Justice and Safety

First meeting of Victims Taskforce

December 12, 2018 by No Comments

Group to drive progress to ensure victims’ voices are strengthened meets for the first time.

A new expert group will today (Wednesday 12 December) meet for the first time to improve support, advice and information for victims of crime.

Co-chaired by the Justice Secretary Humza Yousaf and Lord Advocate James Wolffe QC, the Victims Taskforce brings together senior decision-makers from justice agencies, the legal profession, academia and the voluntary sector, including direct representation of victims.

At the first meeting the Taskforce will focus on confirming their remit and membership; how best to engage more broadly with victims and witnesses; and how best to fulfil their remit.

Lynn Burns, who has campaigned for better support for victims and their families, will bring her direct experience as a member of the group.

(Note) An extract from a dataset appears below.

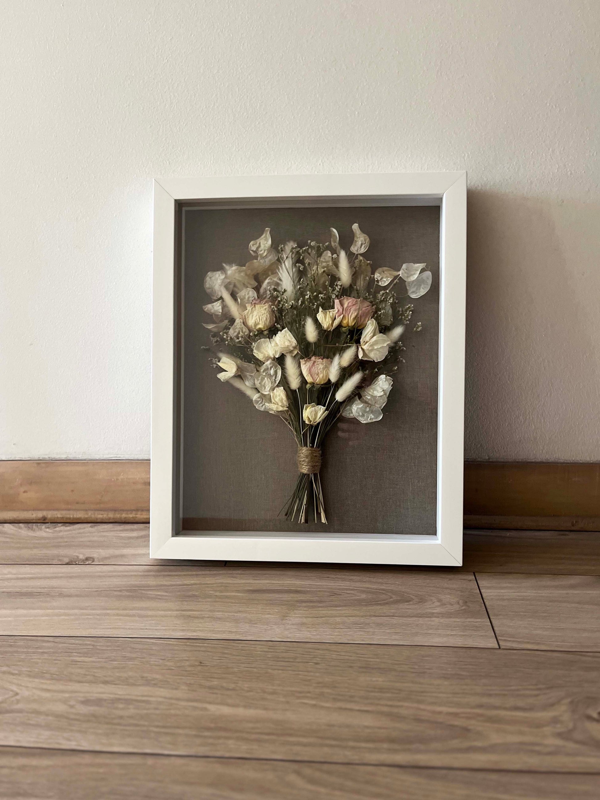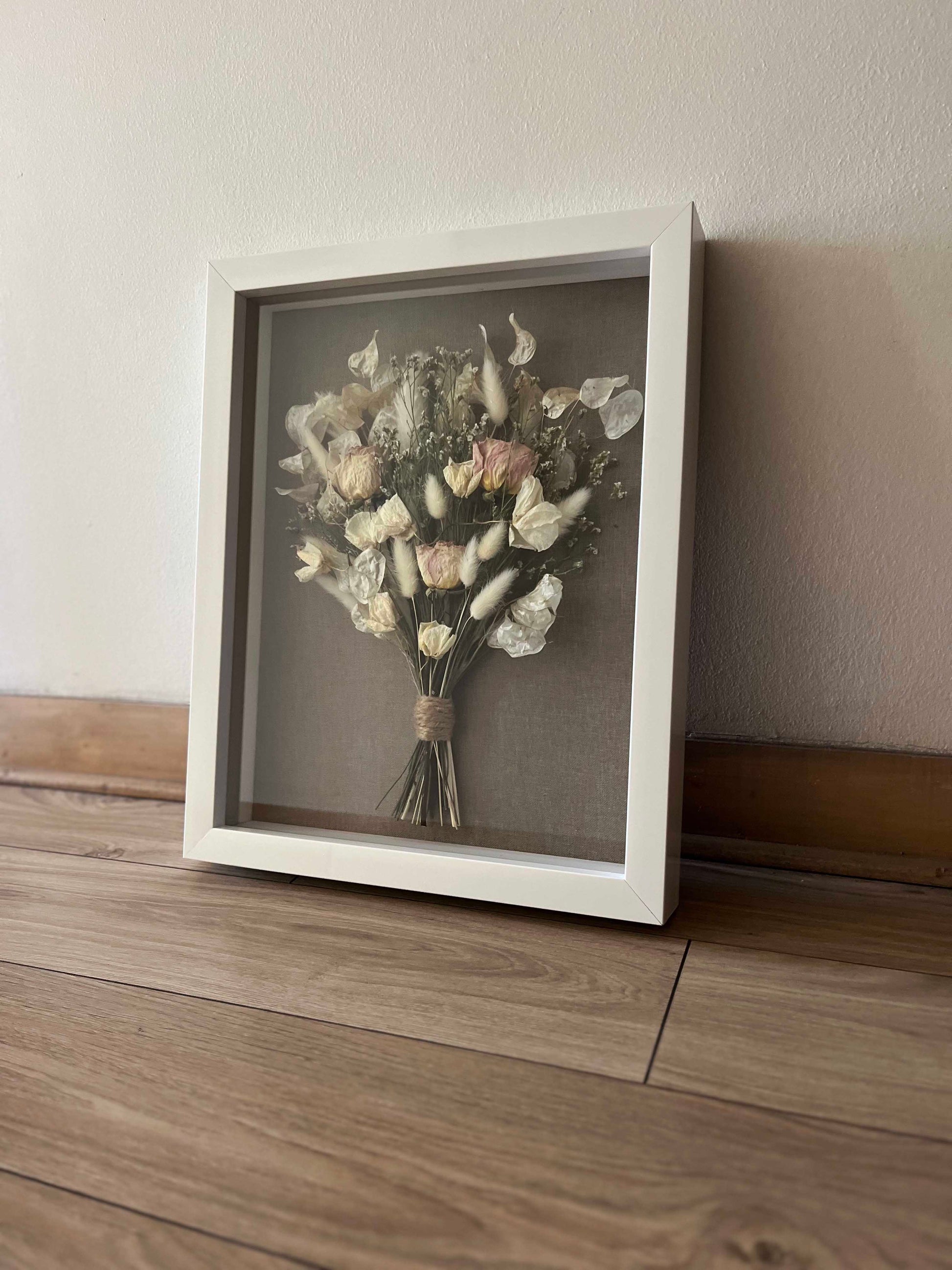 • La forma de tu ramo no va a cambiar, pero con el tiempo puede que notes cambios en el color. Por eso te recomiendo colgar tu cuadro evitando la luz directa y humedad.

Speaking ahead of the first meeting, the Justice Secretary said:

“While the long-term fall in crime over the last decade means fewer people fall prey to criminals in Scotland, where anyone is a victim it is essential the justice system and wider public services provide the best possible support and advice to them and their loved-ones.

“One of the first items for us to discuss will be how we broaden our engagement with victims and witnesses and ensure that the Taskforce is directly informed by them. I am keen that it is a forum for debate, and I am pleased that Lynn Burns has accepted the invitation to represent victims on the taskforce.”

The Lord Advocate said:

“The Taskforce represents an opportunity to improve the experience of victims of crime, to reassure them that the system will provide support and to give them confidence to come forward, speak up and make sure their voices are heard.

“I welcome the first meeting of the Taskforce and look forward to working with the members of the Taskforce as we take forward this important work.”

Lynn Burns said:

“When our son Sam was murdered my family felt uninformed, unheard, isolated and alone. I know that many families have also felt this way.

“At times it felt like there was little clarity and transparency. It does not seem unreasonable to be able to expect scrutiny, or ask questions when you are in the most traumatic of situations.

“I am hopeful that the Victims Taskforce will address this and, by putting people at the centre of the system, treat them with care, compassion and kindness – To help victims and families feel that their voices are being heard and acknowledged.”

List of members  

Name Organisation
Humza Yousaf MSP Scottish Government – Cabinet Secretary for Justice – (Co-chair)
James Wolffe QC Scottish Government – Lord Advocate (Co-chair)
Neil Rennick Scottish Government, Director of Justice
Michael Chalmers Scottish Government, Director of Children and Families
Iain Livingstone Police Scotland, Chief Constable
David Harvie COPFS, Crown Agent
Eric McQueen Scottish Courts and Tribunal Service, Chief Executive
Colin McConnell Scottish Prisons Service, Chief Executive
John Watt Parole Board, Chair
Pauline Proudfoot Scottish Children’s Reporter Administration, Operational Development Manager
Karyn McCluskey Chief Executive, Community Justice Scotland
Kathryn Lindsay Scottish Social Work (Head of Children, Families & Justice at Angus Council)
Kate Wallace Victim Support Scotland, Chief Executive
Marsha Scott Women’s Aid, Chief Executive
Sandy Brindley Rape Crisis Scotland, Chief Executive
Mhairi McGowan Head of ASSIST and Domestic Abuse services
Mary Glasgow Children 1st, Chief Executive
Victims Organisations Collaboration Forum Scotland Rotating seat –

Ann Galbraith, Action against Stalking will attend the first meeting

Lorna Jack Law Society of Scotland, Chief executive
Angela Grahame Faculty of Advocates, Vice-Dean
Margaret Malloch Scottish Centre for Crime and Justice Research, Director
Lynn Burns Victim’s Voice

Further information about policies and projects to improve the experience for victims and witnesses in Scotland is available on the Scottish Government website.

The 2016-17 Scottish Crime & Justice Survey, which includes incidents not reported to police, indicated that crime in Scotland has fallen by around a third since 2008-09, while more people than ever feel safe in their local area.  Similarly, the proportion of adults experiencing crime fell from around one in five in 2008-09 to fewer than one in seven in 2016-17.